In view of the earlier unidentified date stamps on the two submissions from the Veteran and her credible testimony that she furnished these submissions to her representative’s American Lake field office, it appears that both documents were in the possession of her representative for some period of time before being received by the RO.

This is probably the only time I will believe an employee of the VA is telling the truth. The disdain we accorded behind our backs is appalling.  Now for the panoply of pathetic pablum.

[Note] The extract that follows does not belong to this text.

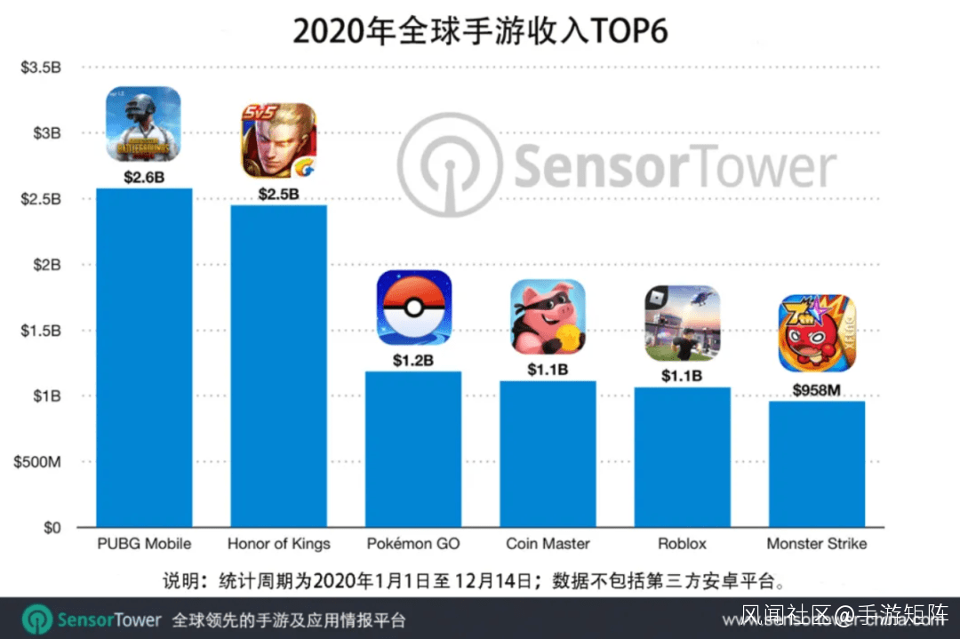 近日,移動應用數據分析公司Sensor Tower公佈了2020年收入最高的6款手遊產品,其中有5款手遊的年收入已經超過了10億美元,躋身“十億美元俱樂部”。

Another assertion from the Veteran concerns the applicability of the “mailbox rule” of 38 C.F.R. § 20.305 in this case. This rule does warrant consideration insofar as the postmark of the Veteran’s Substantive Appeal is not of record. The Board notes, however, that the length of time from February 8 to April 25 in 2007 was 76 days. Even when applying the “mailbox rule,” and taking into account two weekend days (April 21 and 22), there would still be a passage of 69 days, well in excess of the 60-day response period required by 38 C.F.R. § 20.302(b)(1). Moreover, while the Veteran’s representative cited to “a holiday in there” during the April 2009 hearing, the Board must point out that the only holiday in April 2007, Easter Sunday, fell on April 8. In short, the VA Form 9 was untimely even with application of the “mailbox rule.”

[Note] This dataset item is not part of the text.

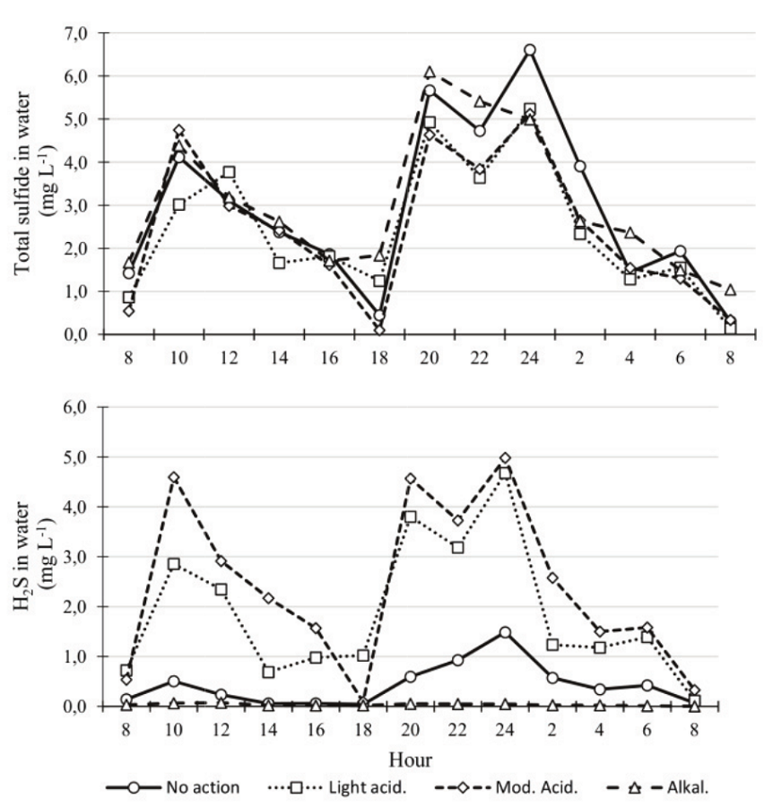 Variations in total sulfide levels were very similar between the treatments along the diel monitoring. The total sulfide concentrations increased from 1.13 ± 0.52 mg L-1 at 0800 to 4.07 ± 0.75 mg L-1 at 1000 and decreased afterwards up to 0.91 ± 0.78 mg L-1 at 1800. Next, there was a pronounced increase up to 5.49 ± 0.75 mg L-1 at 2400 (midnight), when concentrations as high as 7.9 mg L-1 were determined. Then, the total sulfide concentrations fell again up to 0.46 ± 0.40 at 0800, when no sulfide was detected in some tanks (Figure 3). For the acidified tanks (slight and moderate), the concentrations of H2S in water have matched the concentrations of total sulfide over the diel monitoring, since the proportion of H2S in total sulfide increases as the pH of water drops (Boyd et al., 2016). On the other hand, lower concentrations of H2S were registered in the control tanks (0.42 ± 0.42 mg L-1) and almost no H2S (0.03 ± 0.02 mg L-1) was detected in the alkalinized ones (Figure 3).

Below is the final nail in the coffin. This unequivocally proves the Veteran’s representative has no conception of the regulations concerning the timely submission of a Form 9:

Also, the Veteran’s representative argued that “if there was a piece of evidence to be found,” the 60-day clock should be set again. In this case, however, the Veteran submitted no evidence between February 8 and April 25 of 2007, and there was no basis for the issuance of an SSOC. As such, 38 C.F.R. § 20.302 and, as described above, VAOPGCPREC 9-97 (Feb. 11, 1997) do not apply in this instance.

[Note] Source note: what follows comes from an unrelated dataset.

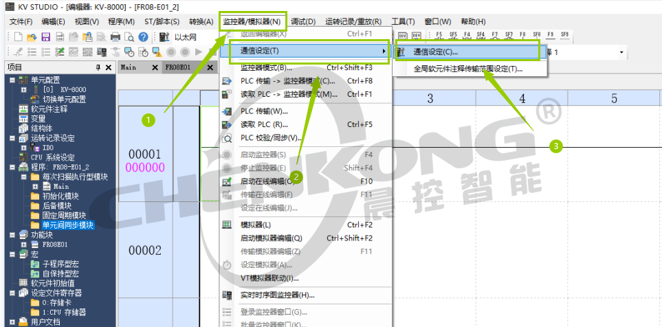 2在“监控器/模拟器”->“通信设定”->“通信设定”,打开通信设定

Does anyone continue to cling to the idea that Congress really had our best interests in mind when they limited our representation before the VA to a bunch of uneducated chuckleheads with a smattering of CFR knowledge? Just because you have a “Certificate of Attendance” proving you were there at the VFW bar and can provide proof of the purchase of two Jack Daniels and cokes, it does not make you a leagle beagle I’d want to entrust my claim to. Oddly, it’s either this or go it alone pro se. Social Security claimants are accorded an attorney and we aren’t? Hellooooo? McFly? Now, to add insult to injury, they just legalized pot in my state. Rug-oh, Rorge . “Your honor, I think I was stoned that day week”.